I want to create a function which first cuts a tree (from a hclust) into 2:13 groups (12 different cutree values), then calculates the adjusted rand index (randIndex) between these 12 cutree values and a stored vector I already have and finally store these adjusted rand index values into a vector so I can compare the answers. All I've got is
for(i in 2:13){
a <- cutree(hclust1, k=i)
randIndex(stored_vector, a)
}
where hclust1 is just the hierarchical clustering output and stored_vector is just the stored vector value I mentioned. I am completely new to programming and would appreciate some help.
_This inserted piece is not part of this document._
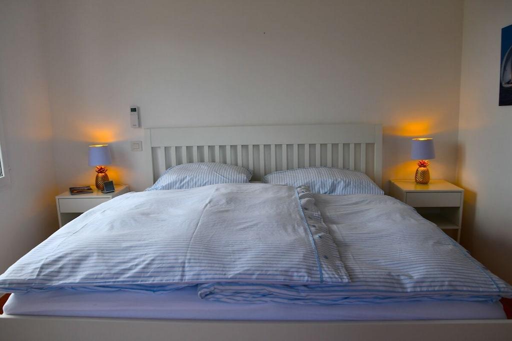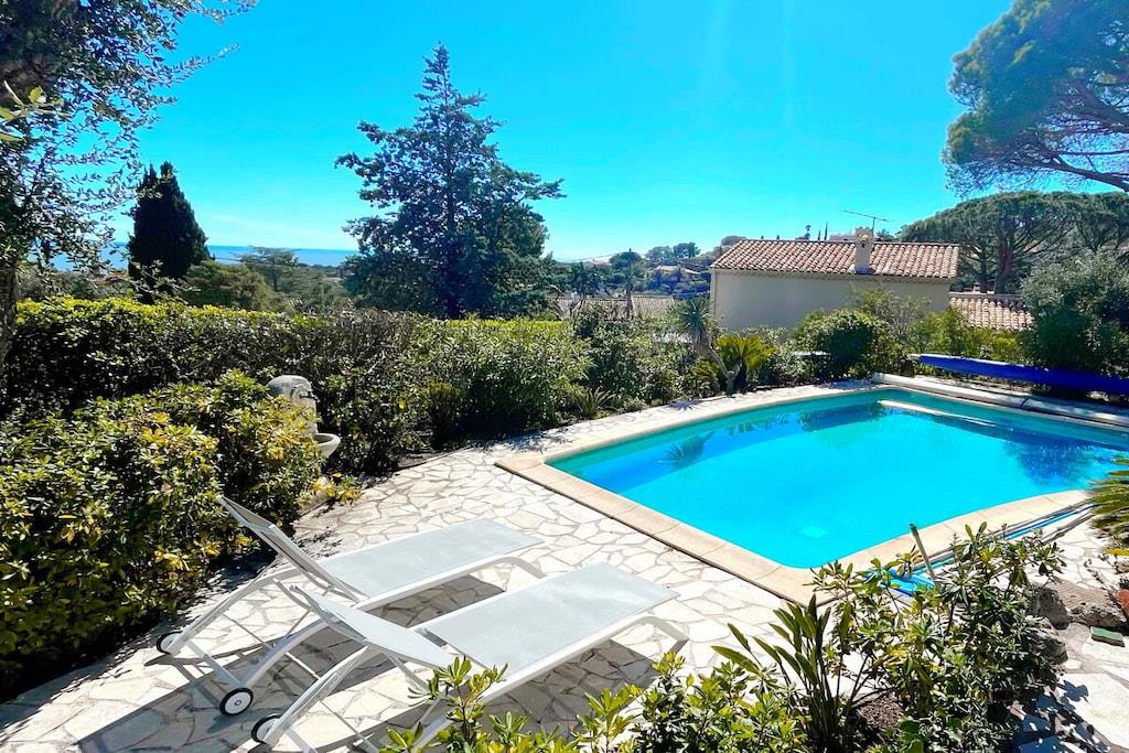 DIE VILLA PLEN SOULÈU "Plen soulèu" ist ein Ausdruck in Okzitanisch, dem französisch-romanischen Dialekt der Provence, der an der Côte d'Azur in Frankreich gesprochen wird. Es ist ein malerischer Ausdruck, der häufig verwendet wird, um einen schönen, sonnigen Tag oder die freudigen Momente zu beschreiben, wenn die Sonne vom Himmel strahlt. Wir finden, dass dieser Ausdruck unsere sonnenverwöhnte Villa mit ihrer besonderen Architektur und der fantastischen Dachlounge mit 360°-Panomarablick und grandiosem Meerblick, und ihrem sonnendurchfluteten Garten von über 1.000 m2 Fläche perfekt beschreibt. Die Villa liegt nur 1 Kilometer vom Strand entfernt und nur einen kurzen Spaziergang (1,5 km) von einer örtlichen Bäckerei und einem Geschäft entfernt. Sie ist in einer ruhigen Umgebung mit atemberaubender Aussicht eingebettet. Der Hauptstrand von Saint-Aygulf, wo sich die meisten Restaurants befinden, ist nur 3 Kilometer von der Unterkunft entfernt. DIE AUSSENANLAGE Mit einer wunderschönen Terrasse mit Grill und Esstisch bietet die Villa Plen Soulèu die perfekte Kulisse für köstliche Mittag- und Abendessen mit spektakulärer Aussicht. Die Terrasse grenzt an den beheizbaren Pool, bei dem auf Anfrage gegen Aufpreis eine professionelle Gegenstromanlage aktiviert werden kann. Entspannen Sie sich auf den bequemen Liegen und Sesseln, tanken Sie Sonne, genießen Sie ein gutes Buch, die ruhige Gelassenheit und die weiten Ausblicke. Eine Treppe an der Seite der Villa führt zur Dachterrasse mit luxuriöser Lounge. Diese Dachterrasse ist das absolute Highlight der Unterkunft und bietet einen 360°-Panoramablick auf das Mittelmeer und die Bucht von Saint Aygulf. Ein idyllischer Ort, um atemberaubende Sonnenuntergänge bei köstlichen Aperitifs zu genießen. Es gibt 2 Parkplätze auf dem Privatgrundstück. DAS INTERIEUR Betreten Sie diese wunderschöne Villa mit einer Wohnfläche von ca. 150m2, die kürzlich komplett renoviert wurde und Sie in Komfort willkommen heißt. Beim Betreten der Villa werden Sie vom einladenden Wohnzimmer mit gemütlichem Kamin empfangen. Dieser Raum bietet ausreichend Sitzgelegenheiten auf bequemen Sofas, einen Esstisch für gemütliche Abendessen und Zugang zur überdachten Terrasse, wo ein Grill für Ihr Outdoor-Vergnügen bereitsteht. Neben dem Wohnzimmer finden Sie die voll ausgestattete Küche, die alles bietet, was Sie für die Zubereitung köstlicher Mahlzeiten benötigen, einschließlich Elektroherd, Kühlschrank, Gefrierschrank, Geschirrspüler, Backofen und Mikrowelle. Auch von hier aus gelangen Sie zur überdachten Terrasse. Ein Flur führt zu einer separaten Toilette und dann zum ersten Schlafzimmer, ausgestattet mit einem komfortablen Doppelbett und einem Badezimmer mit luxuriöser Badewanne, Doppelwaschbecken und Toilette. Neben dem Schlafzimmer finden Sie einen Arbeitsraum, in dem ein feststehender Computerbildschirm immer für Ihre Arbeitsbedürfnisse bereitsteht. Von diesem Raum führt eine Treppe in den ersten Stock, wo Sie zwei weitere Schlafzimmer mit jeweils eigener Terrasse und atemberaubendem Meerblick finden. Ein zweites Badezimmer auf dieser Etage bietet zusätzlichen Komfort mit Toilette, Dusche und Waschbecken. Für zusätzlichen Schlafplatz gibt es einen Zwischenraum mit einem bequemen Schlafsofa. Klimaanlage ist in allen Schlafzimmern und im Wohnzimmer vorhanden. Entdecken Sie den Komfort, den Stil und die atemberaubende Aussicht dieser wunderschönen Villa, die bereit ist, Ihren Aufenthalt unvergesslich zu machen. TRAUMHAFTE STRÄNDE Diese Villa ist ideal gelegen, nur 1 km von einem intimen Strand entfernt, während der Hauptstrand des belebten Saint-Aygulf nur 3 km entfernt ist. Innerhalb einer kurzen 10-minütigen Fahrt erreichen Sie die malerische Küstenstadt Fréjus, wo Sie das charmante Ambiente und die lebhafte Atmosphäre genießen können. Entdecken Sie den glamourösen Charme von Saint-Tropez, das nur 30 Kilometer von der Villa entfernt liegt, während das schöne Sainte-Maxime nur einen Katzensprung entfernt ist, nur 15 Kilometer entfernt. Mit einer perfekten Lage zwischen diesen bezaubernden Zielen bietet diese Villa die ideale Basis, um die Schönheit der französischen Riviera in vollen Zügen zu genießen. GELEBTE NACHHALTIGKEIT Die Villa bezieht ihren Strom aus einer Photovoltaikanlage (eine Rarität in Südfrankreich) und im ganzen Haus sind modernste umweltfreundliche und CO2 sparende Wärmepumpen für Klimatisierung, Heizung und Warmwasserbereitung installiert. So können Sie Ihren Urlaub mit gutem Gewissen genießen!

Thank you.
CodePudding user response:
Does this work for you?
library(tidyverse)
library(fossil) # rand.index function
# get a dataset for cutree, change this to your dataset
hc <- hclust(dist(USArrests))
# change k to your desired vector
k <- 2:12
vec <- cutree(hc, k = k)
# create an empty dataframe
df <- tibble(i=as.numeric(),j=as.numeric(),result=as.numeric())
# create nested for loops to get result
for (i in k) {
for (j in k) {
result <- rand.index(vec[,i-1],vec[,j-1])
df <- df %>%
add_row(i=i,j=j,result=result)
}
}
# view result
df %>%
filter(result != 1) %>%
distinct(result, .keep_all = TRUE) %>%
view()